The project reached more than 6 000 people via workshops, conferences, talks, school visits, fairs and web page visits, while 15 people have also attended mycorrhiza courses since 2018. It has also helped to foster gender equality, actively promoting the participation of women and men in its activities, including workshops, training sessions, coordination and decision-making processes, with a focus on using gender-sensitive training materials and approaches.
As for the soil itself, there have been clear improvements in quality, structure, organic matter, organic carbon content, nutrient absorption, water uptake, and abiotic and biotic stress tolerance. While this was not measured per se in the project, improved soil arguably leads to healthier food being produced.
The project’s early stages were difficult as many actors with different interests were involved. Furthermore, teaching people to move away from the use of chemicals in agriculture is problematic as attitudes are deeply rooted. New farming tools need to be explained with the use of concrete examples and proof, allowing farmers to see the results.

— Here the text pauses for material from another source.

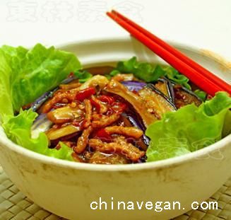 原料:茄子、素肉丝、姜丝、四川豆瓣辣酱

Chemicals are also very difficult to remove from the mindsets of farmers, who are constantly bombarded with information from chemical companies, with many of them preferring to follow the simpler path of purchasing chemicals rather than growing their own mycorrhizae. As such, young people have to be the main target of agriculture transformation in that they will have fewer ingrained ideas.
This could be seen in the way that people reacted when taught and shown directly what mycorrhizae do. The smell and flavour of the lettuce, tomatoes and other plants used to demonstrate the process were important tools in persuading farmers to avoid the use of unnecessary chemicals.